6. Coverage Analysis

How many unique words are needed to cover 50% and 90% of all word instances?

all_words <- text_df %>%
  unnest_tokens(word, text) %>%
  count(word, sort = TRUE) %>%
  mutate(cumulative_pct = cumsum(n) / sum(n) * 100)

cover_50 <- min(which(all_words$cumulative_pct >= 50))
cover_90 <- min(which(all_words$cumulative_pct >= 90))
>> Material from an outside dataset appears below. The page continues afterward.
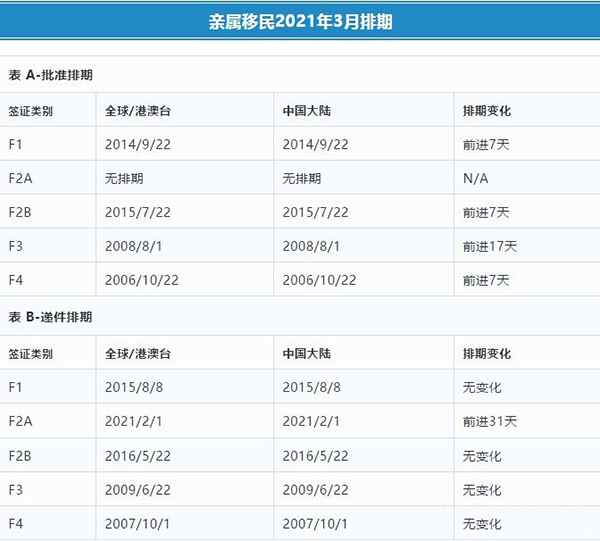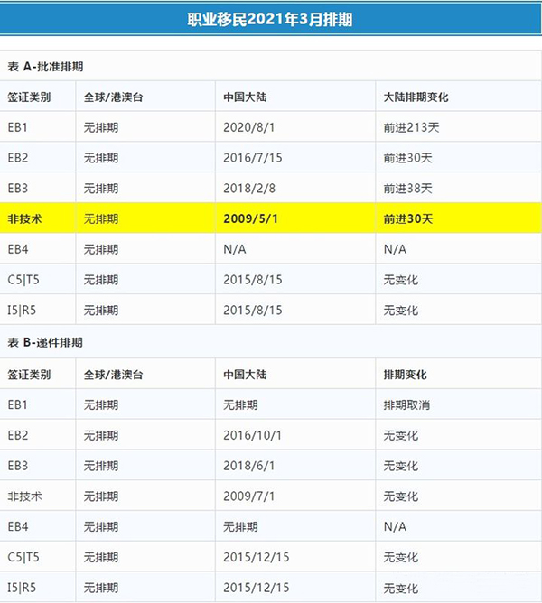 美国国务院(DOS)2月23日公布了2021年3月移民排期签证公告,EB-1大幅前进7个月,重回无排期时代,其他职业类移民排期小步前进,EB-5仍是原地踏步。具体排期进度和变化可以参照下表了解。

cat("Words needed to cover 50% of instances:", cover_50, "\n")
## Words needed to cover 50% of instances: 987
cat("Words needed to cover 90% of instances:", cover_90, "\n")
## Words needed to cover 90% of instances: 15004
# Plot coverage curve
ggplot(all_words[1:min(5000, nrow(all_words)), ],
       aes(x = seq_along(word), y = cumulative_pct)) +
  geom_line(color = "steelblue", size = 1) +
  geom_hline(yintercept = 50, linetype = "dashed", color = "orange") +
  geom_hline(yintercept = 90, linetype = "dashed", color = "red") +
  labs(title = "Word Coverage Curve",
       x = "Number of Unique Words (Ranked by Frequency)",
       y = "Cumulative % of Word Instances") +
  theme_minimal()


7. Key Findings


8. Plan for Prediction Algorithm & Shiny App

Algorithm

We will build an N-gram language model (unigram, bigram, trigram, and optionally 4-gram) with Stupid Backoff smoothing:

  1. Tokenize and build frequency tables for N-grams (N = 1 to 4)
  2. Given user input, look up the last 1–3 words in the N-gram tables
  3. Return the top-3 most probable next words
  4. Fall back to lower-order N-grams if no match is found

Shiny App

The app will feature: - A text input box where users type a sentence - Real-time prediction of the next word (top 3 suggestions) - A clean, mobile-friendly UI

Optimization

  • Store N-gram tables as compressed .rds files for fast loading
  • Filter low-frequency N-grams (frequency < 2) to reduce memory usage

9. Conclusion

This EDA confirms that the dataset is rich and well-suited for building an NLP prediction model. The next steps are to build optimized N-gram frequency tables and deploy the Shiny app with a responsive prediction engine.